# Dataset module introduction

In [None]:
# Initial setup following http://docs.chainer.org/en/stable/tutorial/basic.html
import numpy as np
import chainer
from chainer import cuda, Function, gradient_check, report, training, utils, Variable
from chainer import datasets, iterators, optimizers, serializers
from chainer import Link, Chain, ChainList
import chainer.functions as F
import chainer.links as L
from chainer.training import extensions
import chainer.dataset
import chainer.datasets

## Built-in dataset modules

Some dataset format is already implemented in `chainer.datasets`

### TupleDataset



In [5]:
from chainer.datasets import TupleDataset

x = np.arange(10)
t = x * x

data = TupleDataset(x, t)

print('data type: {}, len: {}'.format(type(data), len(data)))

data type: <class 'chainer.datasets.tuple_dataset.TupleDataset'>, len: 10


In [6]:
# Unlike numpy, it does not have shape property.
data.shape

AttributeError: 'TupleDataset' object has no attribute 'shape'

`i`-th data can be accessed by `data[i]`

which is a tuple of format ($x_i$, $t_i$, ...)

In [10]:
# get forth data -> x=3, t=9
data[3]

(3, 9)

Slice accessing

When TupleDataset is accessed by slice indexing, e.g. `data[i:j]`, returned value is __list of tuple__
$[(x_i, t_i), ..., (x_{j-1}, t_{j-1})]$

In [19]:
# Get 1st, 2nd, 3rd data at the same time.
examples = data[0:4]

print(examples)
print('examples type: {}, len: {}'
      .format(type(examples), len(examples)))

[(0, 0), (1, 1), (2, 4), (3, 9)]
examples type: <class 'list'>, len: 4


To convert examples into minibatch format, you can use `concat_examples` function in `chainer.dataset`.

Its return value is in format `([x_array], [t array], ...)`

In [24]:
from chainer.dataset import concat_examples

data_minibatch = concat_examples(examples)

#print(data_minibatch)
#print('data_minibatch type: {}, len: {}'
#      .format(type(data_minibatch), len(data_minibatch)))
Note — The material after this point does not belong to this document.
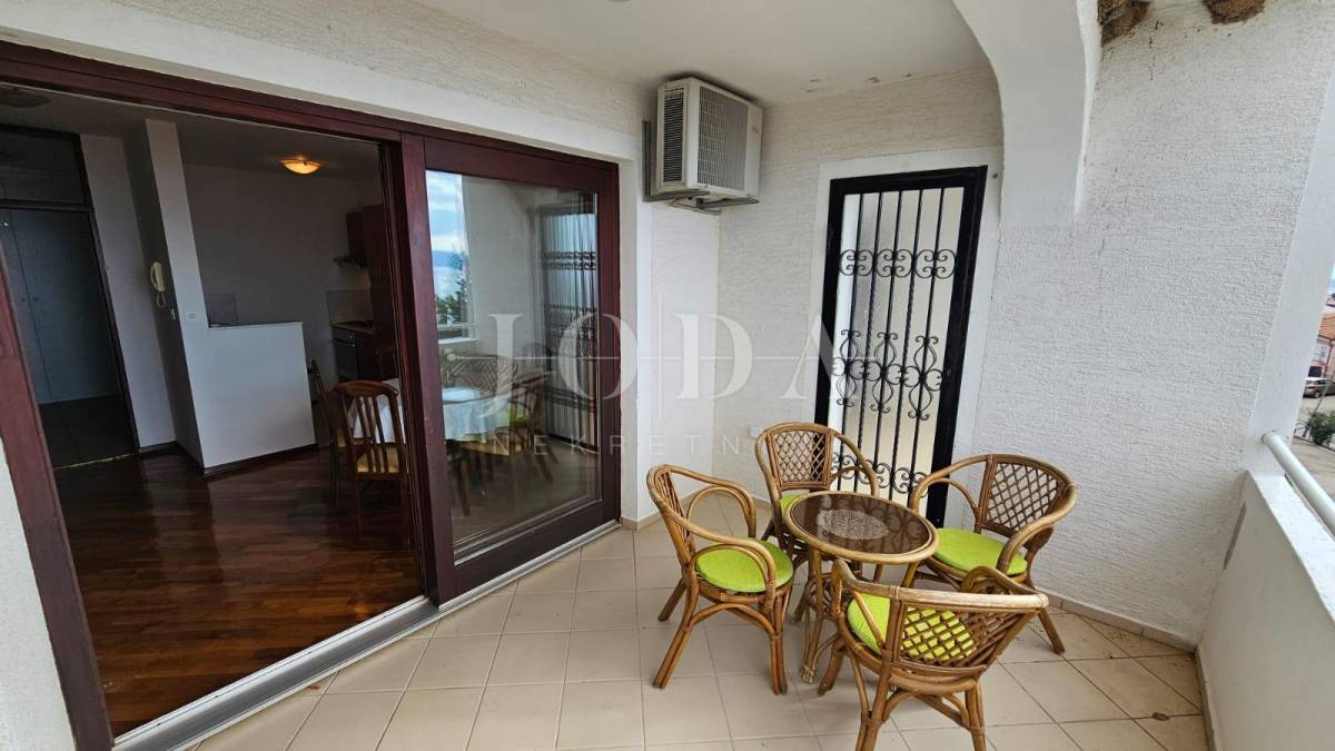 Stan na 2.katu trokatnice sa velikom loggiom i lijepim pogledom na more.Objekt se nalazi niti 200 metara od plaže,u pješačkom dosegu restorana,dućana i javnog prijevoza.

x_minibatch, t_minibatch = data_minibatch
# Now it is array format, which has shape
print('x_minibatch = {}, type: {}, shape: {}'.format(x_minibatch, type(x_minibatch), x_minibatch.shape))
print('t_minibatch = {}, type: {}, shape: {}'.format(t_minibatch, type(t_minibatch), t_minibatch.shape))

x_minibatch = [0 1 2 3], type: <class 'numpy.ndarray'>, shape: (4,)
t_minibatch = [0 1 4 9], type: <class 'numpy.ndarray'>, shape: (4,)


### DictDataset

TBD

The important point is that `get_example` function is called every time when the data is accessed by [] indexing.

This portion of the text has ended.